General manager Ben Cherington made the announcement Thursday. Bench coach Don Kelly will take over for Shelton, who is the first manager fired across Major League Baseball this season.
The decision comes with Pittsburgh riding a seven-game losing streak that saw its record fall to 12-26. Shelton, hired by Cherington in November 2019 as part of a franchise-wide reset by owner Bob Nutting, went 306-440 in five-plus seasons with the Pirates.
“Derek worked incredibly hard and sacrificed a lot over five-plus years,” Cherington said in a statement. “His family became a big part of the Pirates family, and we will miss that. He’s an incredibly smart, curious, and driven baseball leader. I believe he was the right person for the job when he was hired. I also believe that a change is now necessary. I wish Derek and his family all the best in their next chapter.”
The Pirates began the season hoping to contend behind reigning National League Rookie of the Year Paul Skenes. While the 22-year-old Skenes has been solid and the starting rotation in general has been steady, Pittsburgh’s offense has languished near the bottom of the NL all season.
The Pirates are in the middle of a difficult stretch that began by getting swept by both San Diego and St. Louis. Pittsburgh’s next nine games are against NL powers Atlanta, the New York Mets and Philadelphia.
Nutting called the first quarter of the season “frustrating and painful for all of us.”
Kelly, a Pittsburgh native, spent nine years in the major leagues as a utility player.

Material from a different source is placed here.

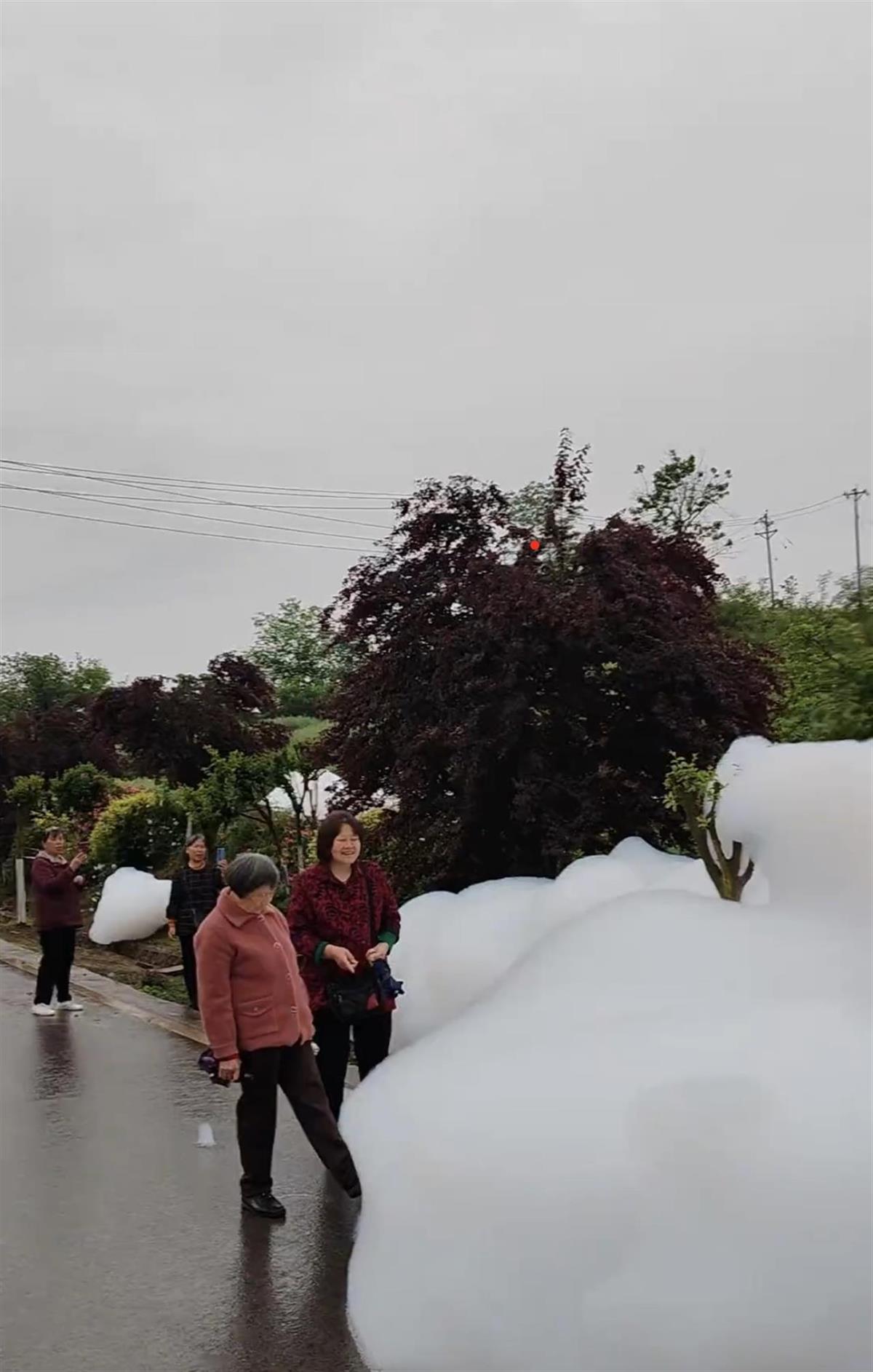 当地居民发布的视频显示,白色泡沫沿水沟和田间漫布,一团一团的,大的有三四米高。25日上午,一村民告诉极目新闻记者,当天他一早出门就发现了泡沫,沿沟渠的田边到处都是,闻起来有淡淡的腥味,抓在手中就像洗衣粉的泡沫,一会就会化掉了。

He has been the Pirates bench coach since 2020.
“Donnie is as respected as any person in our clubhouse and throughout our organization,” Nutting said. “He is a Pirate. He bleeds black and gold. No one is more committed, and no one loves this team or city more than Donnie. He is the right person to manage our team and help get us back on track.”
The Pirates gave Shelton, a former minor league catcher, his first major league managing job in late 2019 after he served as a coach in various capacities in Tampa Bay, Toronto and Minnesota.

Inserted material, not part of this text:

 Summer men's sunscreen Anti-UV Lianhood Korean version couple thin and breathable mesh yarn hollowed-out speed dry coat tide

Cherington tasked him with setting a new foundation for a club that has been an also-ran for the last three decades, save for a brief three-year stretch from 2013-15 in which they returned to prominence.
The consistently upbeat Shelton oversaw a clubhouse with an incredible amount of churn during his first four seasons as Cherington traded away most of the established major leaguers on the roster (Joe Musgrove, Josh Bell, Jameson Taillon to name a few) to restock the club’s prospect pool.
Pittsburgh won less than 40% of its games in Shelton’s first three seasons before taking a step forward in 2023 when it won 76 games. Skenes’ arrival last May gave the franchise another jolt, and the Pirates were in playoff contention until an August swoon.
Pittsburgh is near the bottom of the majors in runs (29th), OPS (29th), home runs (28th) and average (27th).